»»

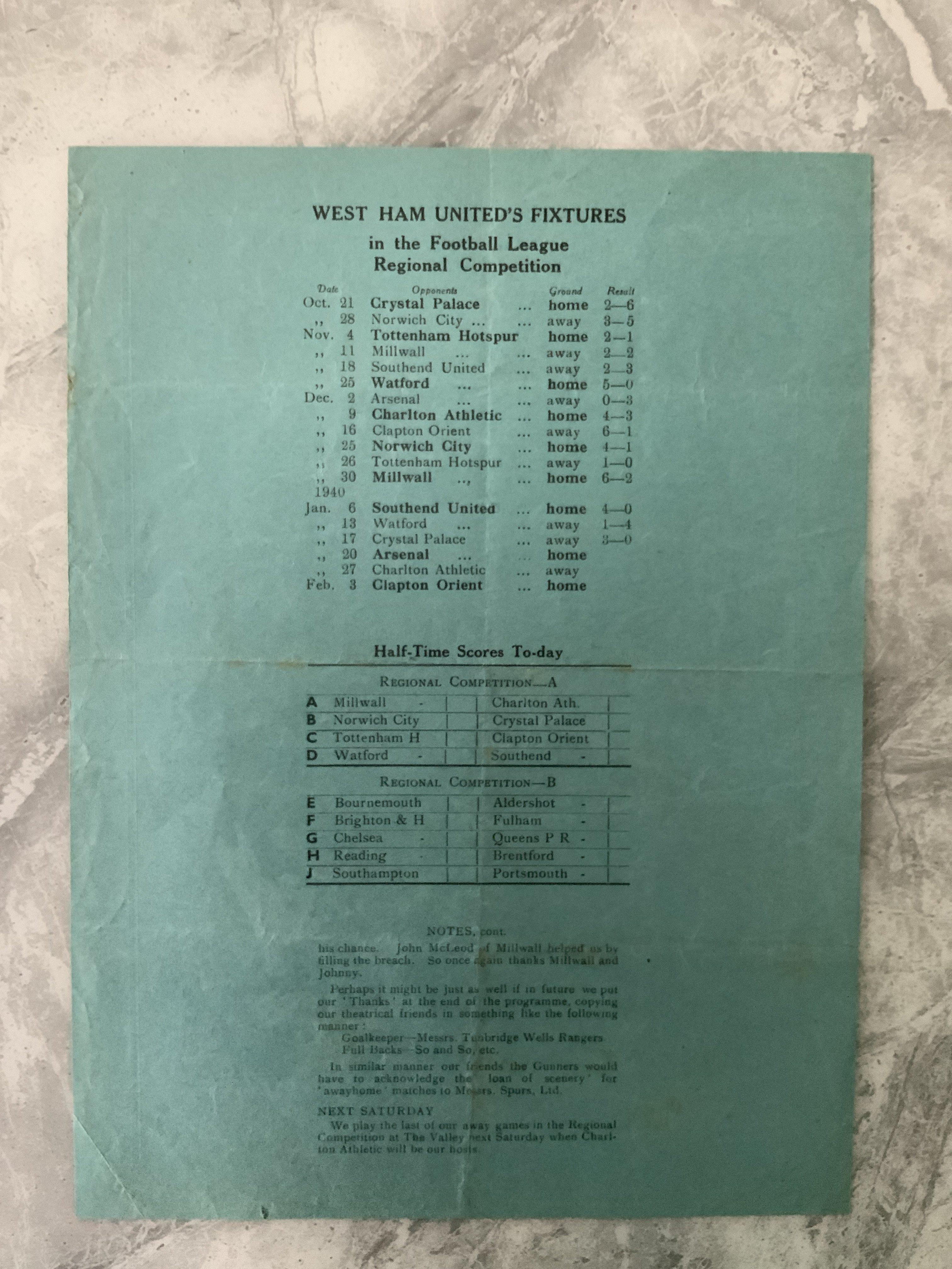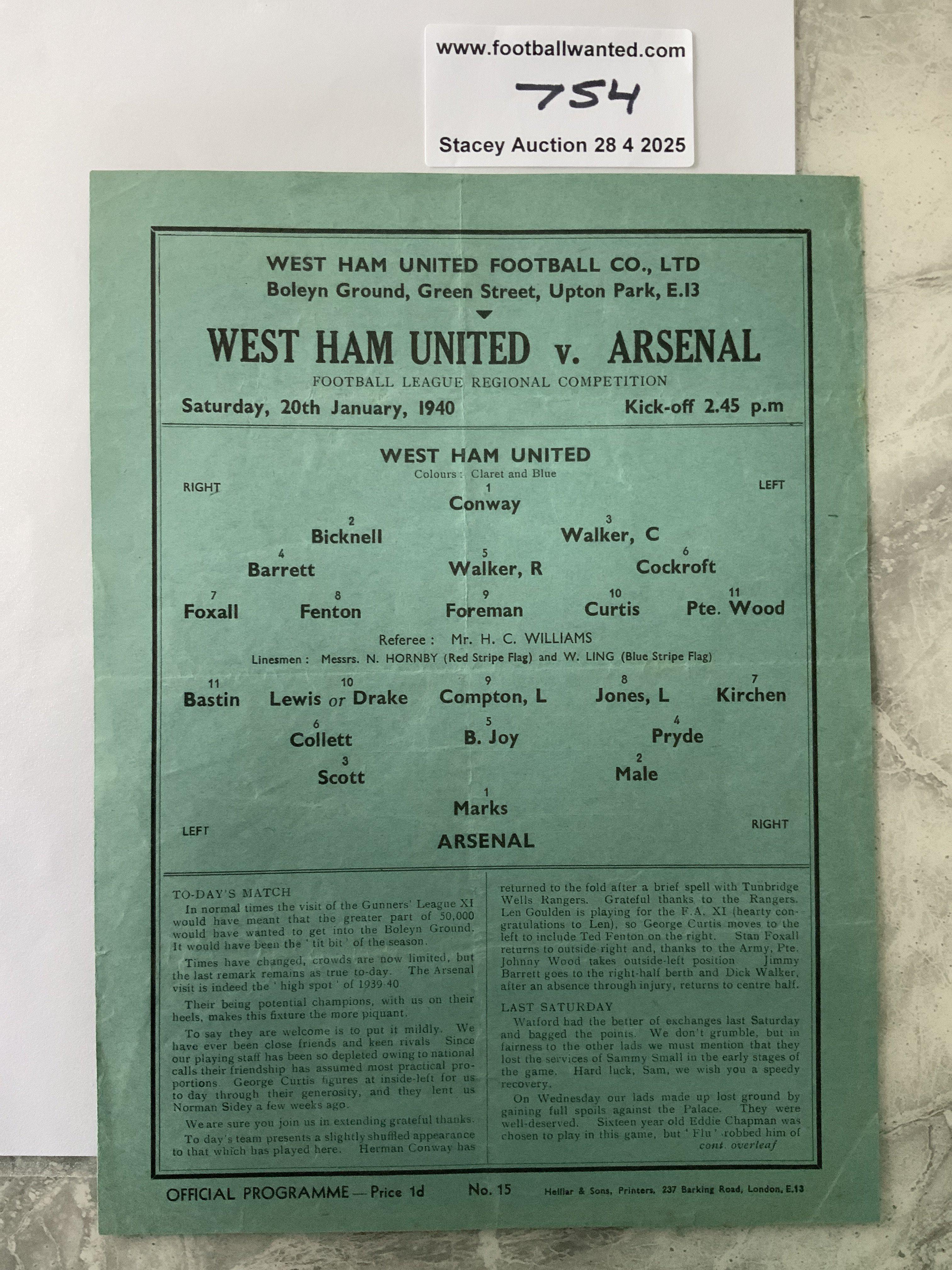 39/40 West Ham v Arsenal Football Programme: Football League match in very good condition with no team changes. Single sheet dated 20 1 1940.
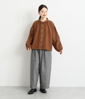 大人のナチュラルスタイルにぴったりなリネンブラウス。首元にやさしく添わせた小さめの襟と随所に施したギャザーが愛らしいムードを運びます。2つずつリズムよく並べたフロントボタンもアクセントに。前後差をつけたラウンドヘムが着こなしを整え、スカートにもパンツにも好相性です。
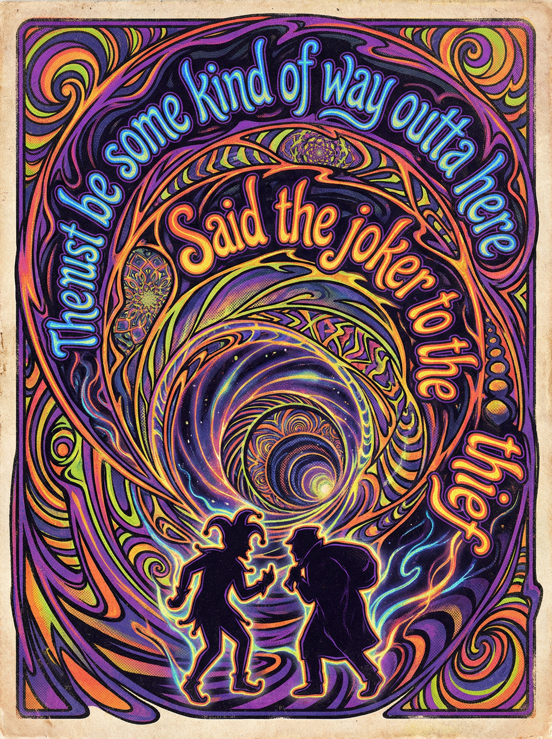 This artwork captures the Urgent, Psychedelic Escape mood of Jimi Hendrix's "All Along the Watchtower", specifically exploring themes of Existential Search and Cosmic Liberation. Drawing from Late 1960s Psychedelic Counterculture, a period of profound social and artistic experimentation, marked by vibrant visual art and a search for deeper meaning and freedom. Psychedelic Rock aesthetics, the design features A swirling, hallucinatory fusion of Art Nouveau curves and Op Art patterns, drenched in saturated, luminous colors, creating a sense of dynamic motion and cosmic depth. visuals with a palette of Electric Violet, Sunset Orange, Deep Indigo.
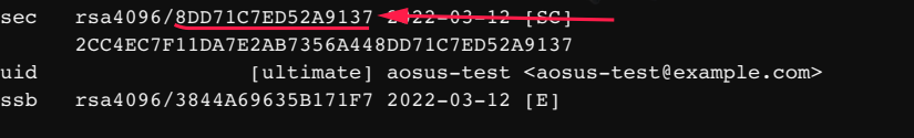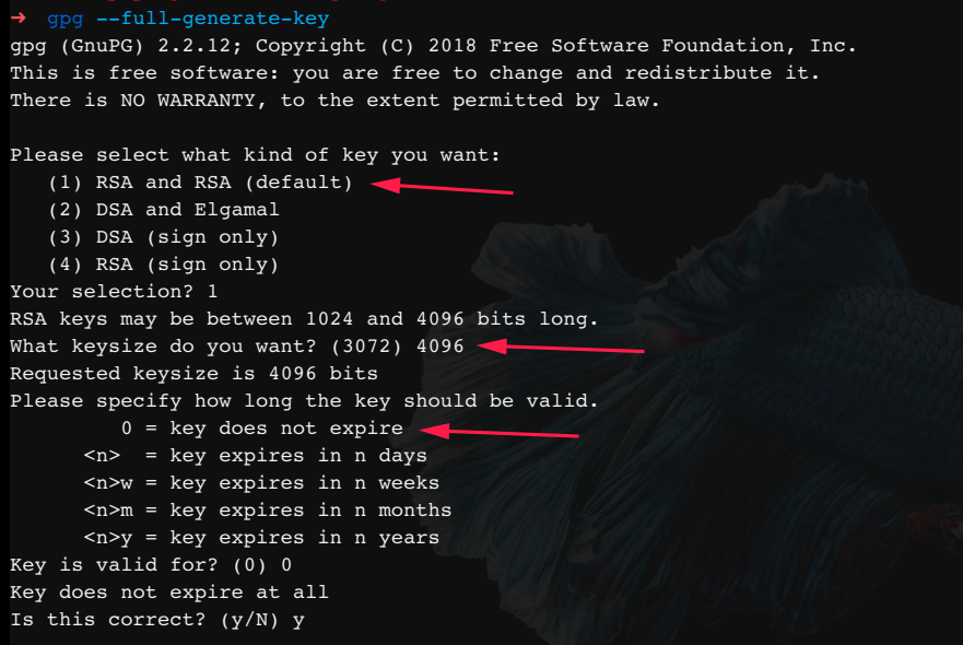 اذا وجدت مفتاح قم بنسخ ال Key ID ( لاتخبر احد به ) وذهب الى الخطوة التالية، اذ لم تجد مفتاح هيا لننشئ مفتاح سوياً، اولا نفتح الطرفية ( Terminal ) ونقوم بكتابة هذه الامر gpg --full-generate-key بعدها سوف نحتار النوع اختار RSA and RSA وبعدها سوف يسالك عن طول المفتاح يفضل اختيار 4096 وبعدها سوف يطلب منك وقت انتهاء المفتاح يفضل عدم وضع تاريخ انتهاء لعدم زوال علامة التوثيق
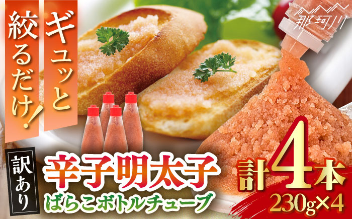 地域の生産者応援の品 ギュッと絞るだけ!簡単・便利な明太子! 【訳あり】 辛子明太子ばらこボトルチューブ 920g(230gx4本)<株式会社E2C>那珂川市 [GEO005]
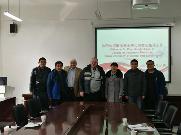 2017年2月20日,美国印第安纳州著名猪病专家戴尔博士莅临公司交流指导工作,并为公司师生做了一场《美国养猪业发展现状及规模化猪场猪病防制》的报告。参加交流的有校教务处边传周处长、英国365集团王春明书记、生物工程公司和公司的部分教师,以及14级动物医学专业的部分员工。边处长首先介绍了戴尔博士的基本情况,戴尔(Dale A. Hendrickson)博士是美国四星兽医服务公司的前董事长,普渡大学博士,在美国8个州具有行医资格,其开办的门诊在美国个人兽医诊所中规模最大,在猪病诊疗行业具有很高的影响力。
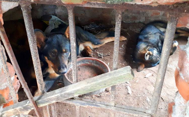 Đàn chó 9 con, trong đó 7 con trưởng thành được nhốt trong cũi của gia đình bà An - Ảnh: VnExpress |
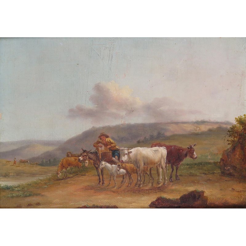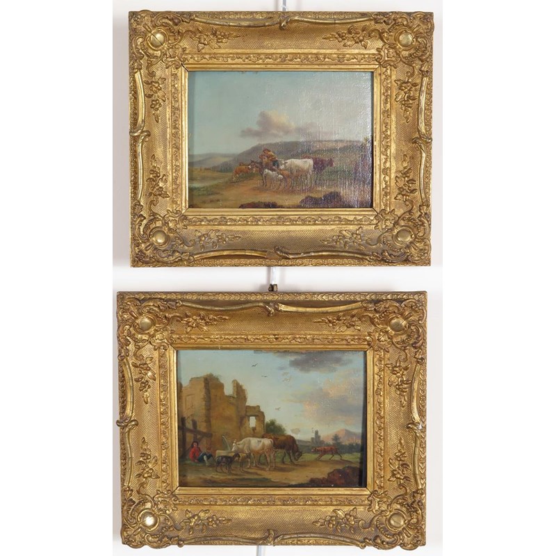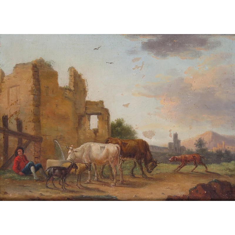 Attributed to Johann Friedrich Steinkopf (1737-1825) Rustic with livestock by a ruin and in a...

««

What is needed: Reproduce exactly the part of the records above that begins at the line holding "اذا وجدت مفتاح" and ends at the final line, both included, leaving out the pictures.

Response area:
 اذا وجدت مفتاح قم بنسخ ال Key ID ( لاتخبر احد به ) وذهب الى الخطوة التالية، اذ لم تجد مفتاح هيا لننشئ مفتاح سوياً، اولا نفتح الطرفية ( Terminal ) ونقوم بكتابة هذه الامر gpg --full-generate-key بعدها سوف نحتار النوع اختار RSA and RSA وبعدها سوف يسالك عن طول المفتاح يفضل اختيار 4096 وبعدها سوف يطلب منك وقت انتهاء المفتاح يفضل عدم وضع تاريخ انتهاء لعدم زوال علامة التوثيق
 地域の生産者応援の品 ギュッと絞るだけ!簡単・便利な明太子! 【訳あり】 辛子明太子ばらこボトルチューブ 920g(230gx4本)<株式会社E2C>那珂川市 [GEO005]
 2017年2月20日,美国印第安纳州著名猪病专家戴尔博士莅临公司交流指导工作,并为公司师生做了一场《美国养猪业发展现状及规模化猪场猪病防制》的报告。参加交流的有校教务处边传周处长、英国365集团王春明书记、生物工程公司和公司的部分教师,以及14级动物医学专业的部分员工。边处长首先介绍了戴尔博士的基本情况,戴尔(Dale A. Hendrickson)博士是美国四星兽医服务公司的前董事长,普渡大学博士,在美国8个州具有行医资格,其开办的门诊在美国个人兽医诊所中规模最大,在猪病诊疗行业具有很高的影响力。
 Đàn chó 9 con, trong đó 7 con trưởng thành được nhốt trong cũi của gia đình bà An - Ảnh: VnExpress |
 Attributed to Johann Friedrich Steinkopf (1737-1825) Rustic with livestock by a ruin and in a...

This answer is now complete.